Img_4112i しらね型護衛艦は基準排水量5200t、満載排水量7200tと1980年代の護衛艦としては破格の大きさではありましたが、ひゅうが型の19000tと大型化し、航空機運用を重視した結果20000tを超える大型艦となったわけですが、新護衛艦は再来年早春に進水式を迎え公試も再来年度には恐らく開始、2015年には就役することになります。2040年代から2050年代までは現役に置かれる護衛艦となり、長大な飛行甲板に搭載され運用される航空機はどういった機種となるのでしょうか。

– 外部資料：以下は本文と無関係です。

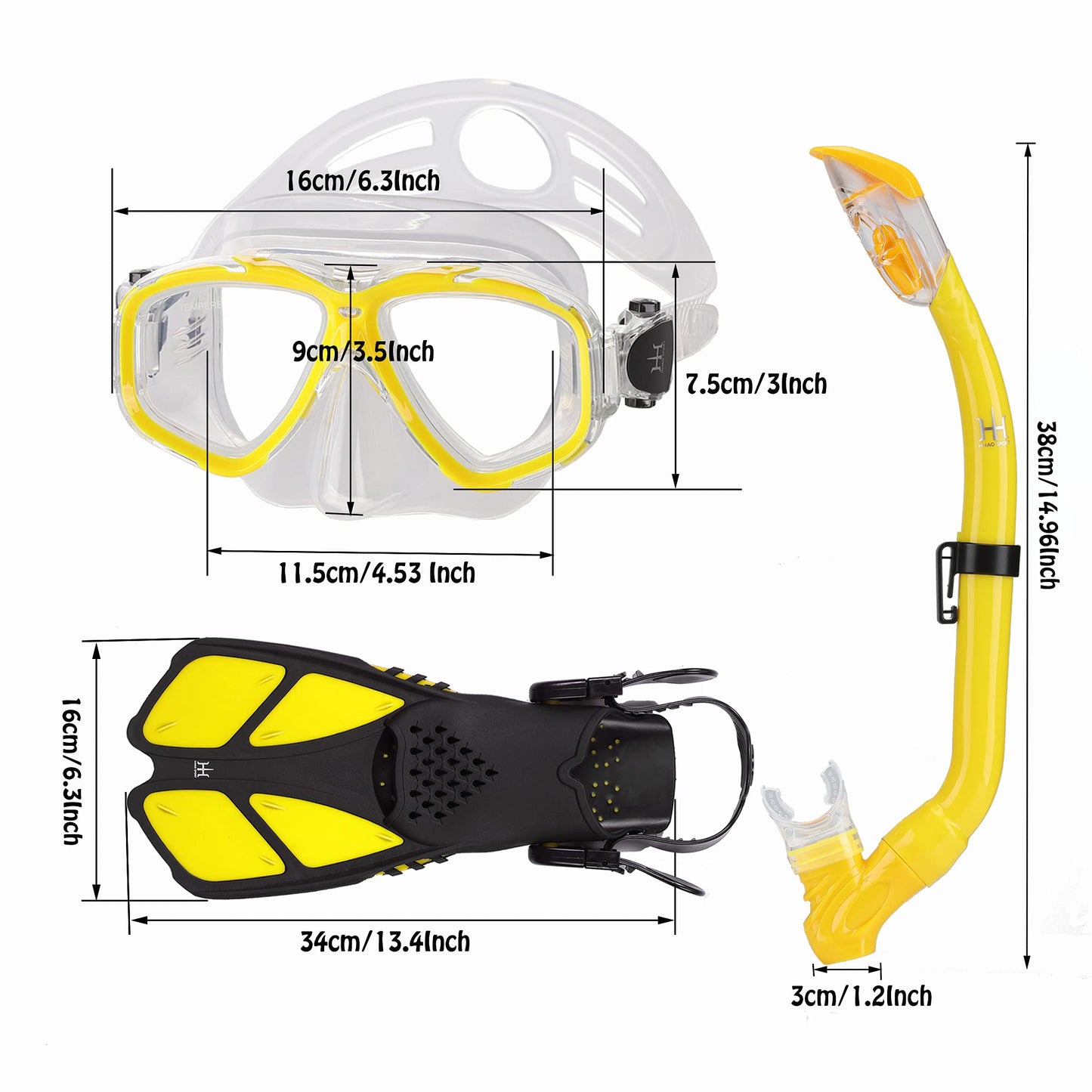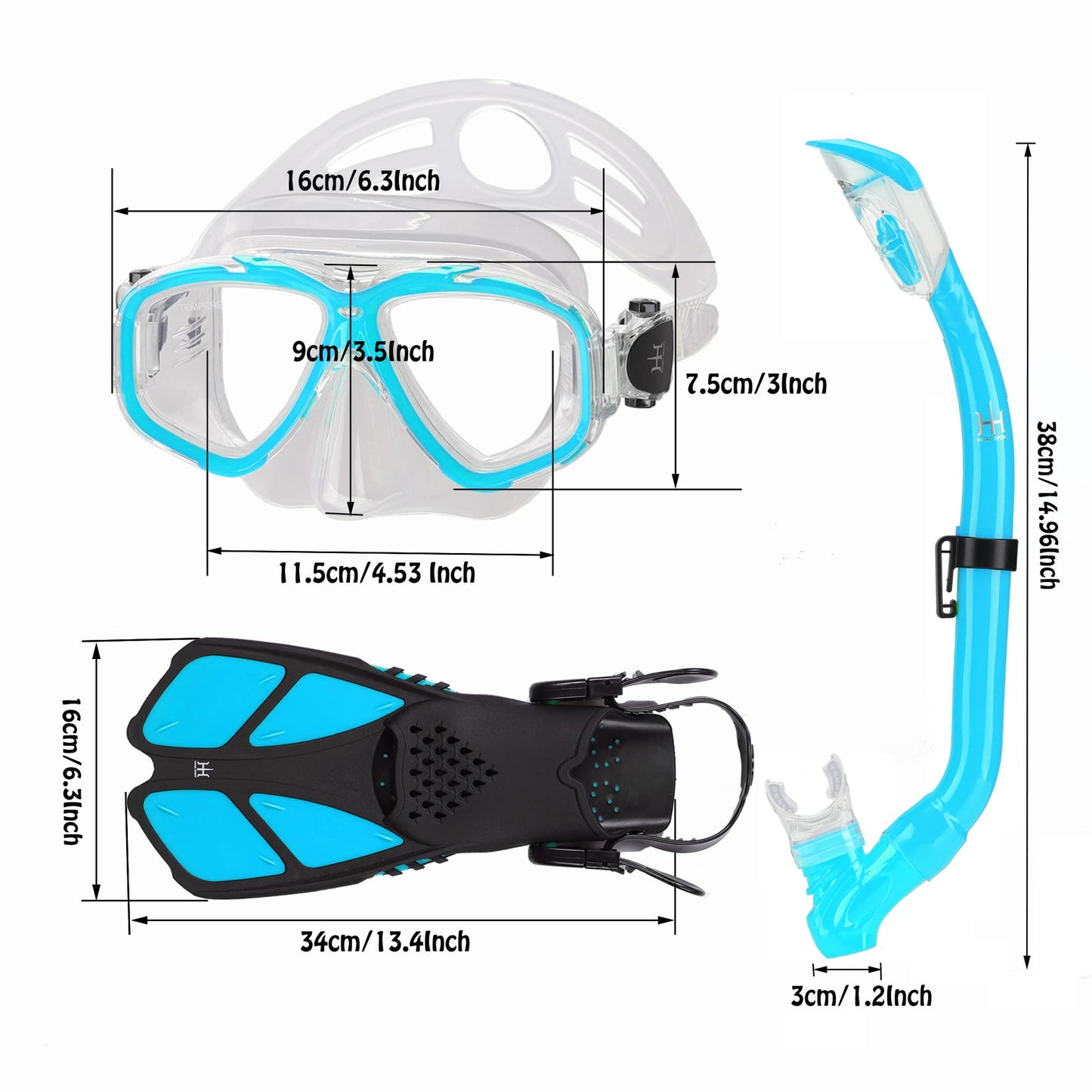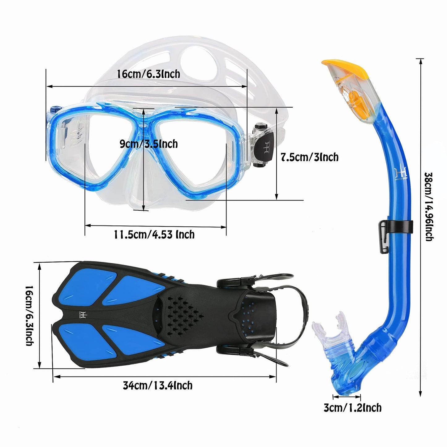 HH HHAO SPORT Children's snorkel set with fins, 180° panorama wide view diving goggles children, adjustable flippers, high-quality diving mask and dry top snorkel
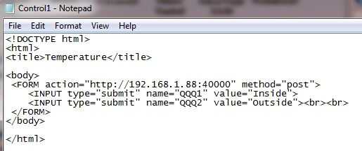 Los archivos de texto de la versión parcial de programa para la generación de HTML se incluyen a continuación. Hay tres archivos, dos de ellos (Control1 y red2) siendo las páginas que se pueden conseguir seleccionar desde archivo ESP8266 controles. Lo configuro de esta forma para que sea fácil de agregar más nodos de ESP8266 a la red. Sólo copiar uno de los archivos de Control, modificar para la nueva aplicación y asegúrese de que cambia el número de puerto en el código. Luego añadir una nueva línea de código en el archivo de controles de ESP8266 para que apunte al nuevo archivo Controlx. Es realmente sencillo.
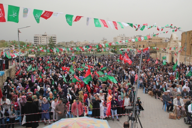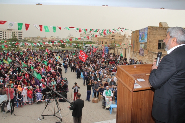 İlçe otogarının yanındaki alanda düzenlenen etkinliğe Midyat ilçe Kaymakamı Hüseyin Tekin, İlçe Emniyet Müdürü Temel Salman, İlçe Milli Eğitim Müdürü Abdulkadir Altay, HÜDA PAR İlçe Başkanı İsa Altunkaynak, çeşitli STK temsilcileri, âlimler, eğitimciler ve ilçe halkının yanı sıra çevre köylerden yüzlerce peygamber aşığı miting alanını doldurdu.
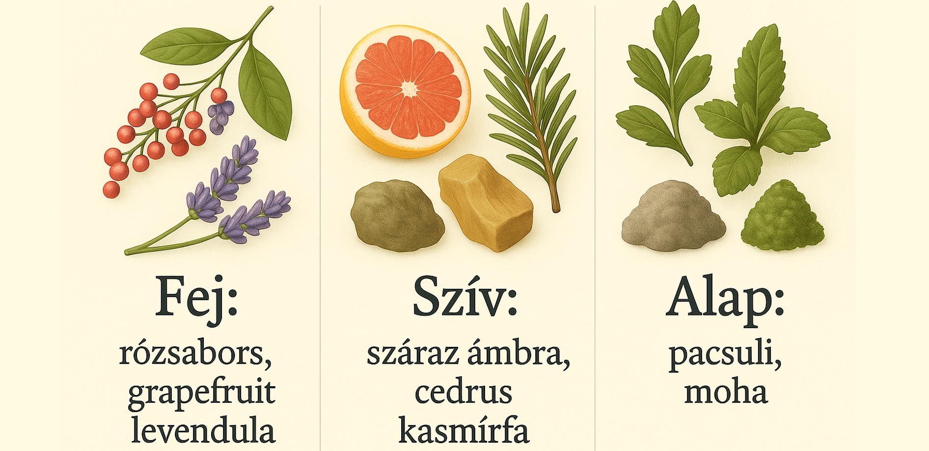 Fej: rózsabors, grapefruit, levendula
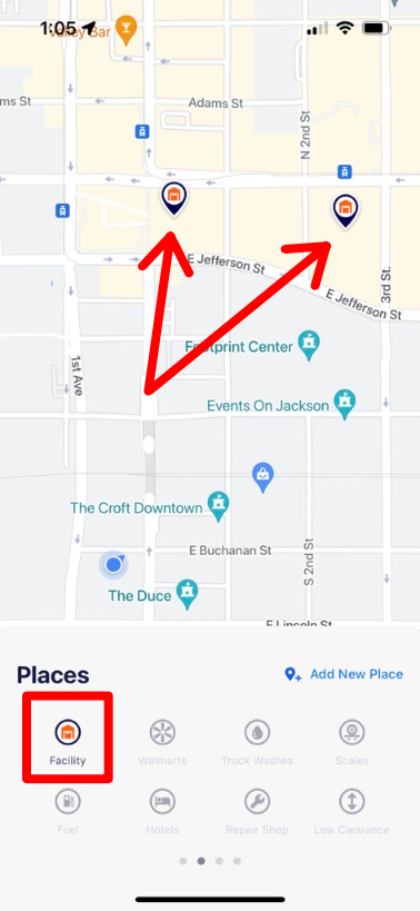 From there you can select which POIs you want to view on the screen. Once selected, the POIs will become visible on the map and you can click on them for more information about each location. This includes thinks like: Truck Entrance, Hours, Address, as well as amenities. You can swipe up to view more details.
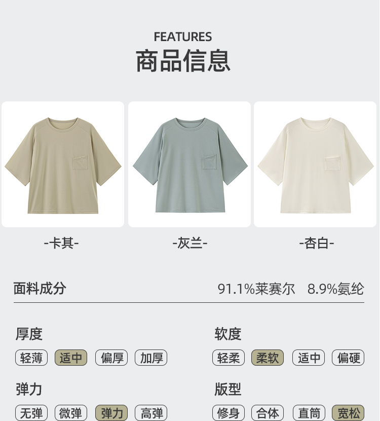 萊賽爾纖維(萊賽爾)91.1% 聚氨酯彈性纖維(氨綸)8.9%

Img_7715i 22DDHは二番艦の予算も平成24年度予算に盛り込まれており、護衛艦しらね、くらま、を2017年までに置き換える構想、同時に護衛艦隊には護衛艦ひゅうが型二隻を含め四隻の全通飛行甲板型護衛艦が揃うことになります。気になる艦名は、このあたりが決め手というべき一隻、現在の大型護衛艦が旧国名を採用していますので連合艦隊旗艦を務め第二次大戦を戦い抜いた戦艦長門、世界海戦史に特筆された空母機動部隊である南雲艦隊の一員として戦った空母加賀があり得るのでしょうか、そして二番艦に呼称を戻し空母赤城の名を継いでくれれば、とおもうのですが、どうなるのでしょうか、いまから注目してゆきたいところです。